To make this comparison of the English text, the first thing we must analyze is the tags used and, in my experiment, all three systems have used the same Penn Treebank tags, which makes the task easier. Now, not everyone has used the same name for labels. When analyzing the results and the documentation provided I have observed the following differences between TreeTagger and Stanford Log-linear systems Part-Of-Speech Tagger and tTAG:- In TreeTagger personal pronouns are tagged as PP while in Stanford Log-linear Part-Of-Speech Tagger and tTAG are tagged as PRP. Example:
words TreeTagger Stanford Log-linear Part-Of-Speech Tagger and tTAG I PP PRP It PP PRP - In TreeTagger the verbs in the past are interpreted as VVD while in se in Stanford Log-linear Part-Of-Speech Tagger and tTAG are tagged as VBD. Example:
words TreeTagger Stanford Log-linear Part-Of-Speech Tagger and tTAG saw VVD VBD called VVD VBD - In TreeTagger proper nouns are interpreted as NP while in se in Stanford Log-linear Part-Of-Speech Tagger and tTAG are tagged as NNP. Example:
words TreeTagger Stanford Log-linear Part-Of-Speech Tagger and tTAG true NP NNP nature NP NNP stories NP NNP
I_FW had_FW six_FW
If we analyze the exposed result we can analyze how the tagger considers i, had and six as possessing the same lexical functionality FW when i is a pronoun, It had one verb and six a noun. Which makes me think that tTag in its web version is not prepared for texts in other languages and the FW tag will be like a tag to indicate that a word is unknown to the model.

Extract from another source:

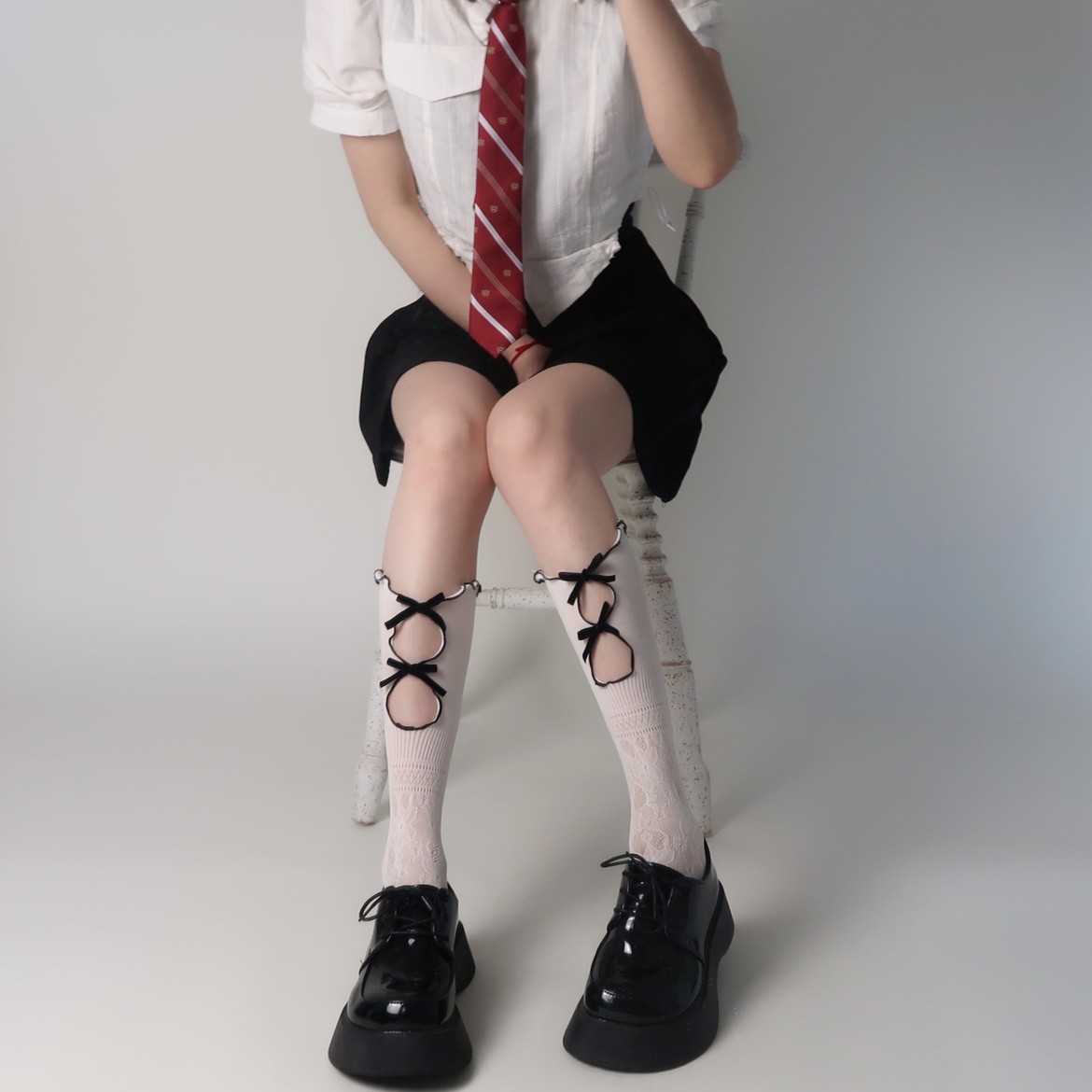 • 나비 매듭 스타킹 화이트

For its part, the Stanford Log-linear Part-Of-Speech Tagger tool shows the tags of a model implemented by them much more complete than Penn Treebank, providing the user with much more information. If you can consult at the address https://nlp.stanford.edu/software/spanish-faq.shtml. Finally, with TreeTagger we use the same operation and labeling using the English model that in Spanish. Comparing both results, the one provided by TreeTagger and Stanford Log-linear Part-Of-Speech Tagger, the The second tagger provides us with more information than the first about its lexical functionalities, therefore, Thanks to the model used, I consider it to be a better option than the second.